Hewlett Packard Enterprise Company (NYSE:HPE) shares are up more than 15.18% this year and recently increased 0.85% or $0.14 to settle at $16.54. Telefonaktiebolaget LM Ericsson (publ) (NASDAQ:ERIC), on the other hand, is up 28.89% year to date as of 09/13/2018. It currently trades at $8.61 and has returned 0.12% during the past week.
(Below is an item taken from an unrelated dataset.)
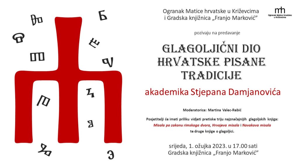 Ogranak Matice hrvatske u Križevcima i Gradska knjižnica “Franjo Marković” Križevci pozivaju na predavanje” Glagoljični dio hrvatske pisane tradicije” akademika Stjepana Damjanovića u srijedu 1. ožujka 2023. s početkom u 17 sati u multimedijskoj dvorani Gradske knjižnice.

Hewlett Packard Enterprise Company (NYSE:HPE) and Telefonaktiebolaget LM Ericsson (publ) (NASDAQ:ERIC) are the two most active stocks in the Communication Equipment industry based on today’s trading volumes. Investor interest in the two stocks is clearly very high, but which is the better investment? To answer this question, we will compare the two companies across growth, profitability, risk, and valuation metrics, and also examine their analyst ratings and insider activity trends.Growth
Companies that can consistently grow earnings at a high compound rate usually have the greatest potential to create value for shareholders in the long-run. Analysts expect HPE to grow earnings at a -7.77% annual rate over the next 5 years.Profitability and Returns
A high growth rate isn’t necessarily valuable to investors. In fact, companies that overinvest in low return projects just to achieve a high growth rate can actually destroy shareholder value. Profitability and returns are a measure of the quality of a company’s business and its growth opportunities. We’ll use EBITDA margin and Return on Investment (ROI) to measure this. Hewlett Packard Enterprise Company (HPE) has an EBITDA margin of 8.38%. This suggests that HPE underlying business is more profitable HPE’s ROI is 2.10% while ERIC has a ROI of -23.60%. The interpretation is that HPE’s business generates a higher return on investment than ERIC’s.Cash Flow
Earnings don’t always accurately reflect the amount of cash that a company brings in. HPE’s free cash flow (“FCF”) per share for the trailing twelve months was +0.20. Comparatively, ERIC’s free cash flow per share was -0.85. On a percent-of-sales basis, HPE’s free cash flow was 1.02% while ERIC converted -12.01% of its revenues into cash flow. This means that, for a given level of sales, HPE is able to generate more free cash flow for investors.Liquidity and Financial Risk
Analysts look at liquidity and leverage ratios to assess how easily a company can cover its liabilities. HPE has a current ratio of 1.00 compared to 1.50 for ERIC. This means that ERIC can more easily cover its most immediate liabilities over the next twelve months. HPE’s debt-to-equity ratio is 0.52 versus a D/E of 0.36 for ERIC. HPE is therefore the more solvent of the two companies, and has lower financial risk.Valuation
HPE trades at a forward P/E of 10.51, a P/B of 1.07, and a P/S of 0.88, compared to a forward P/E of 24.81, a P/B of 2.79, and a P/S of 1.32 for ERIC. HPE is the cheaper of the two stocks on an earnings, book value and sales basis. Given that earnings are what matter most to investors, analysts tend to place a greater weight on the P/E.
Analyst Price Targets and Opinions
Just because a stock is cheaper doesn’t mean there’s more value to be had. In order to assess value we need to compare the current price to where it’s likely to trade in the future. HPE is currently priced at a -14.43% to its one-year price target of 19.33. Comparatively, ERIC is 6.3% relative to its price target of 8.10. This suggests that HPE is the better investment over the next year.
Insider Activity and Investor Sentiment
Short interest is another tool that analysts use to gauge investor sentiment. It represents the percentage of a stock’s tradable shares that are being shorted. HPE has a short ratio of 2.68 compared to a short interest of 4.05 for ERIC. This implies that the market is currently less bearish on the outlook for HPE.Summary
Hewlett Packard Enterprise Company (NYSE:HPE) beats Telefonaktiebolaget LM Ericsson (publ) (NASDAQ:ERIC) on a total of 11 of the 14 factors compared between the two stocks. HPE is more profitable, generates a higher return on investment, has higher cash flow per share and has a higher cash conversion rate. In terms of valuation, HPE is the cheaper of the two stocks on an earnings, book value and sales basis, HPE is more undervalued relative to its price target. Finally, HPE has better sentiment signals based on short interest.